The Missouri Public Service Commission on Thursday said the utility’s fuel adjustment charge, which lets KCP&L pass up to 95 percent of its fuel costs on to those customers, will be lowered starting Sept. 1.
For customers in the utility’s former St. Joseph Power & Light service area, the savings should average $2.69 a month, the regulatory commission estimated. In the rest of the service territory that KCP&L acquired when it bought Aquila, average savings are estimated at $3.11 a month.
KCP&L has around 315,000 customers in those service areas, which do not include the utility’s approximately 270,000 customers in its original Kansas City service area. The original area doesn’t have a fuel adjustment charge but is requesting one in a rate case that’s expected to be decided soon.

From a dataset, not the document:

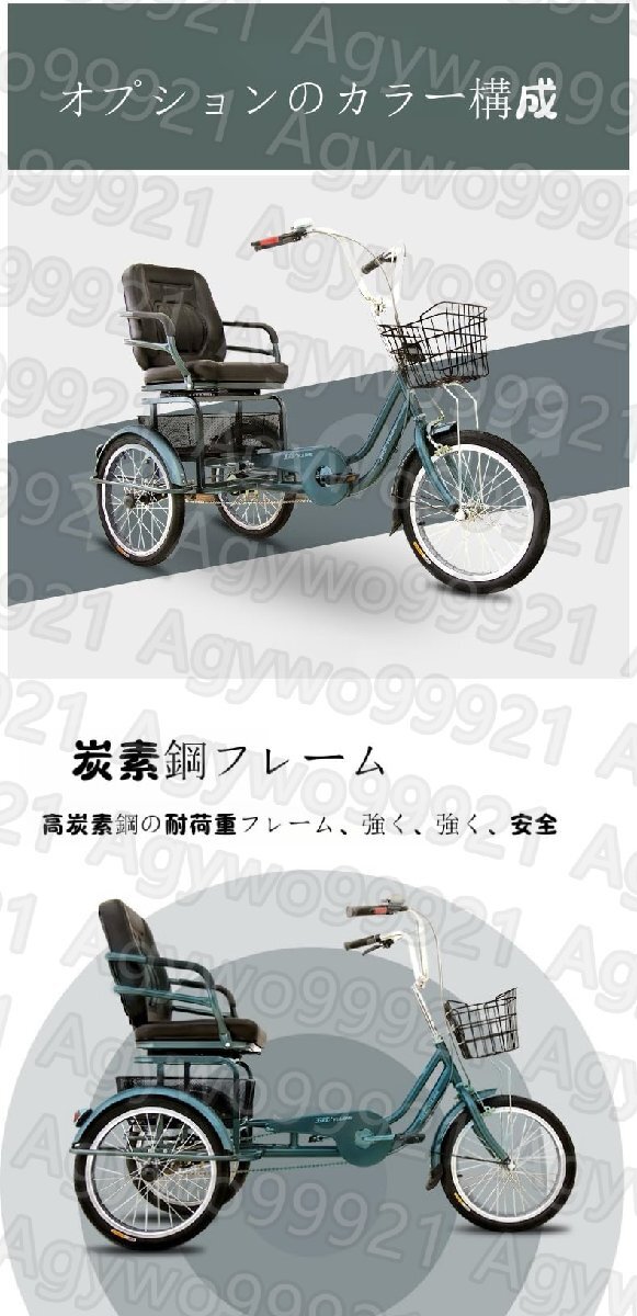 大人用三輪車 自転車アシスタント ビーチクルーザー シニア用 女性用 3輪 男女兼用 16インチ シートは前後に調整可能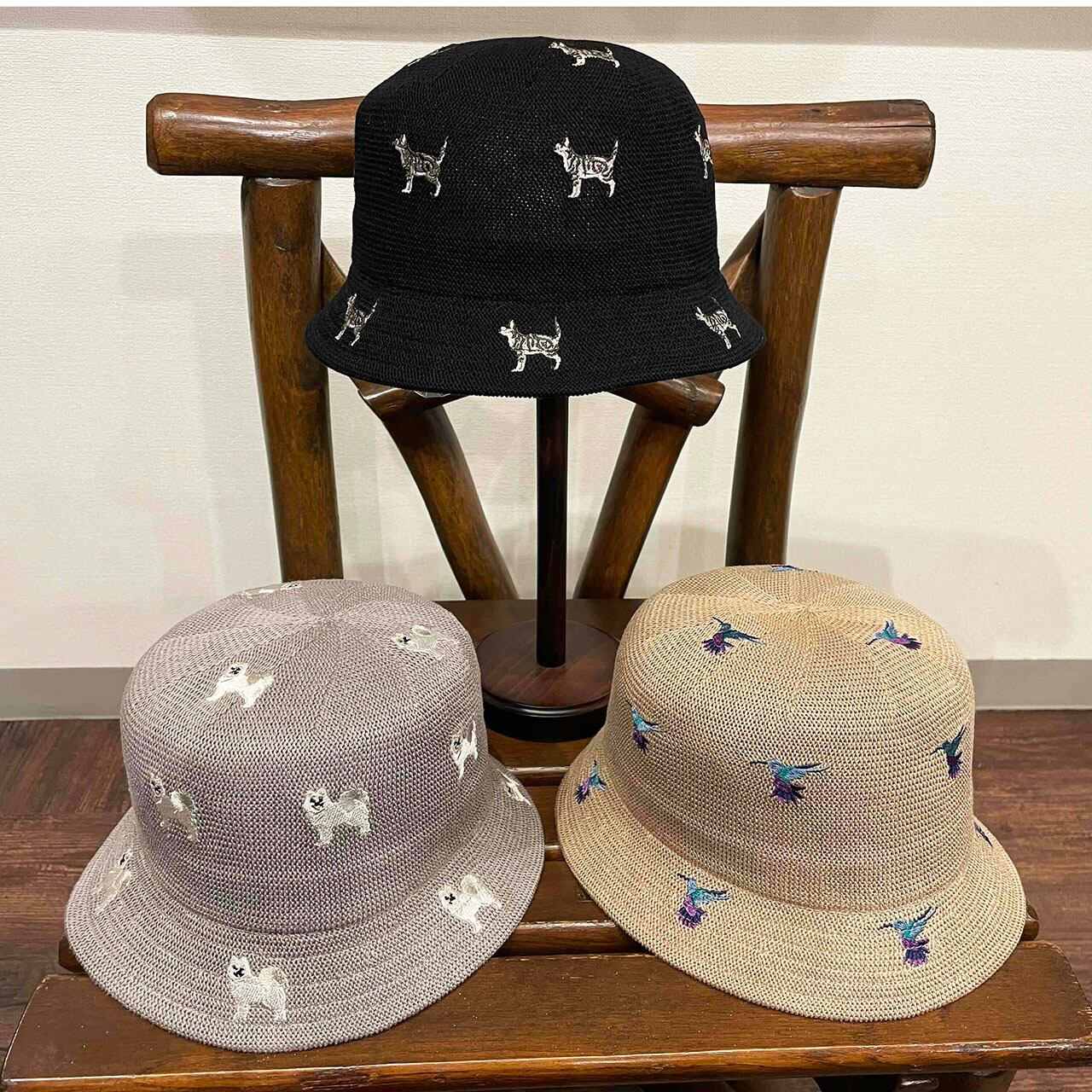 大人気のアニマル総刺繍入りサーモバケットハットバージョンです。

A similar charge does apply to KCP&L’s nearly 250,000 customers in Kansas. Its quarterly adjustment is coming up, so Kansas customers might get a similar break soon. The utility doesn’t disclose details of its energy contracts, but the price of coal is at a 12-year low and natural gas prices have stayed low.
The fuel adjustment charge reflects KCP&L’s costs for fuel and for power it bought from other companies in the half year from December through May. The charge was initiated in Missouri for the former Aquila and St. Joseph Power & Light areas before they were acquired by KCP&L so they could regularly recover rising fuel costs — or, as in this case, pass on savings.